There are two approaches to address this problem, one short-term, one long:

Short-term: Work with an expert testing partner. The industry is developing new testing approaches for cloud-native 5G networks, but this effort is still very much in progress. It will be some time before productized solutions exist to simplify CNF-to-cloud testing. For now, the quickest, easiest way to resolve this disconnect is to work with one of the organizations currently inventing those tools and processes. 
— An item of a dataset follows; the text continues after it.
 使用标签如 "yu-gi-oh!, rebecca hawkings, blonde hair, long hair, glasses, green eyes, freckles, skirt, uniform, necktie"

Long-term: Start evolving teams and tooling for cloud-native testing. This problem isn’t getting easier; if anything, cloud environments will only get more complex and dynamic over time. There are no shortcuts, no vendor spec sheets coming that will make this go away. Eventually, you will need to build a CNF-to-cloud testing capability within your organization. Most likely, that will include expanding the charter of Application teams to collect this mapping data, and tasking Cloud teams with monitoring the production environment and regularly testing against those metrics. It will also require everyone to plan for closer collaboration in preproduction. You should be able to go CNF by CNF, identify those with issues, and make sure they’re addressed before promoting anything to production. 
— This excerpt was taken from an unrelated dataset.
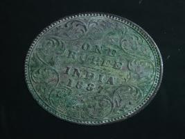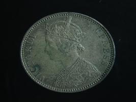 | Description / विवरण | The obverse shows the crowned bust of Victoria facing left, with the divided legend along the edge. Milled rim, with dotted circle. Obverse legend Victoria Empress. Reverse, in centre, surrounded by a floral vine One Rupee India 1887. Double circle with dots along the edge. |

The good news is that, once you know what to watch for, you can eliminate one of the biggest problems plaguing telco cloud organizations as they evolve to cloud-native architectures. Whether working with a partner or (eventually) testing yourself, you’ll be able to identify most issues that arise from CNF-to-cloud mismatches during testing and preproduction, when they’re far less expensive to fix. And when problems do arise in production, you’ll have meaningful baselines to measure against what you see in the environment, so you can quickly diagnose and correct them. Ultimately, you’ll find you can leave the fire drills and finger-pointing behind, and push ahead with new 5G services with confidence.